| Task to carry out |
Scan the records below for the line containing "TE 产品编号280370-1 2P" and the line containing "Próximamente comenzaremos á". Copy both, plus every line between, exactly.
━━━ Material provided ━━━
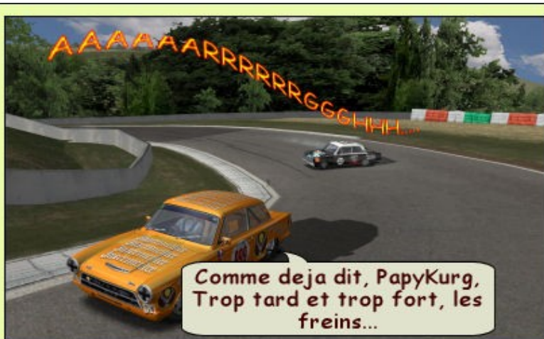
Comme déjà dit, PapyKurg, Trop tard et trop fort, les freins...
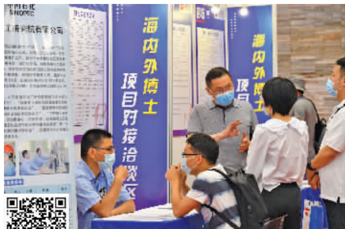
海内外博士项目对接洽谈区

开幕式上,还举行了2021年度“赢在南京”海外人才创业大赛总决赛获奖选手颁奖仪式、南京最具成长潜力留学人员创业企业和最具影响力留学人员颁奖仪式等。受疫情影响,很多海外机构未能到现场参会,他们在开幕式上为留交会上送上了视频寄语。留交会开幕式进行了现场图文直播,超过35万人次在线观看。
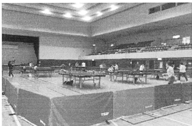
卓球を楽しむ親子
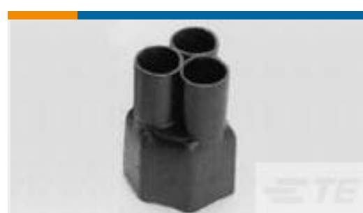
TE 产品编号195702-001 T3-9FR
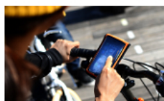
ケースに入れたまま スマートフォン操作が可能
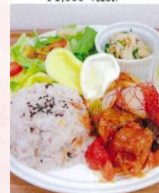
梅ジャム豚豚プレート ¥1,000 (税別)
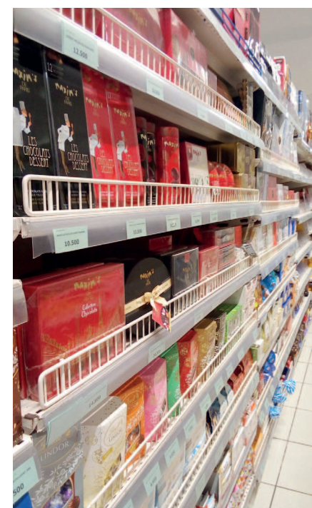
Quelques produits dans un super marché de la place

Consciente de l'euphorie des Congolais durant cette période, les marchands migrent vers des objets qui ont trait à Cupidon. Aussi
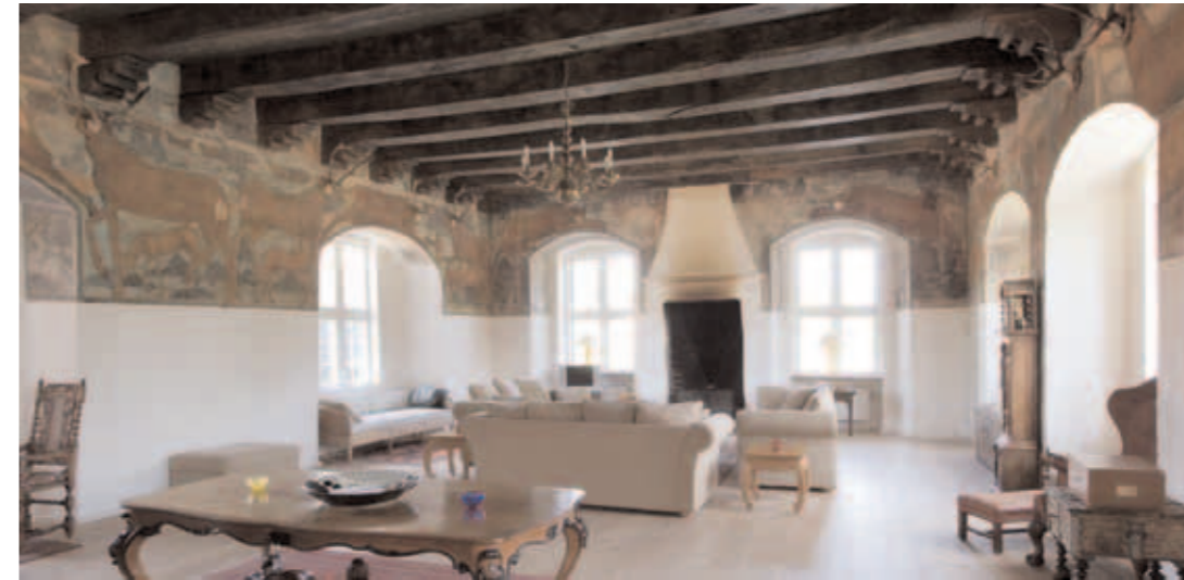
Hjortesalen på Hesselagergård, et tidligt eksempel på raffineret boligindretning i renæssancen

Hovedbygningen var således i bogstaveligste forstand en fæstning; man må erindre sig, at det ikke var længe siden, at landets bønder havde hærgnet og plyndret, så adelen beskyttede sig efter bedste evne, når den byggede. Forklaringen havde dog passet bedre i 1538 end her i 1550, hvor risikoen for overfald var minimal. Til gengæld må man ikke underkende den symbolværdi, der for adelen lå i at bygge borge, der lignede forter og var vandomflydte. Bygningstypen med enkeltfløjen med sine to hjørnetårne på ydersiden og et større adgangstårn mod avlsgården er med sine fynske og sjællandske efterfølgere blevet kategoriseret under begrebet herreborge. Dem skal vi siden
━━━
━━━ Material provided ━━━
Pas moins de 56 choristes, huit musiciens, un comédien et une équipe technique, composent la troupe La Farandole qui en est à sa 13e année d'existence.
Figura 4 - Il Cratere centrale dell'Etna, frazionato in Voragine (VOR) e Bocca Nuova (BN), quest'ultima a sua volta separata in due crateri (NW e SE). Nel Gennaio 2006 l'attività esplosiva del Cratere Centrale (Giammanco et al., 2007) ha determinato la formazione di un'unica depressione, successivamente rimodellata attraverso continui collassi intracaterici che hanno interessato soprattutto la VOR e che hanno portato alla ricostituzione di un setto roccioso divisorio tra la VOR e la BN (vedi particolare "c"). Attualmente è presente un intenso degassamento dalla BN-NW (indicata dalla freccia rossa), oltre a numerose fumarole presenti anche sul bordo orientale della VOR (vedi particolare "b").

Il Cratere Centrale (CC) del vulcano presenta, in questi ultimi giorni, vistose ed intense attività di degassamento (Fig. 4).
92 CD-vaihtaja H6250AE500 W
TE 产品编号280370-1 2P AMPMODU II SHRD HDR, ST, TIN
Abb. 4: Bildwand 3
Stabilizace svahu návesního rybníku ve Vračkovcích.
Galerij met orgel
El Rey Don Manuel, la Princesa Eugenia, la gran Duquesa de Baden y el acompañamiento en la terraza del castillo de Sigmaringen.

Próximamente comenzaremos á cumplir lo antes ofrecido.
━━━
| Response to this exercise |
TE 产品编号280370-1 2P AMPMODU II SHRD HDR, ST, TIN
Abb. 4: Bildwand 3
Stabilizace svahu návesního rybníku ve Vračkovcích.
Galerij met orgel
El Rey Don Manuel, la Princesa Eugenia, la gran Duquesa de Baden y el acompañamiento en la terraza del castillo de Sigmaringen.

Próximamente comenzaremos á cumplir lo antes ofrecido.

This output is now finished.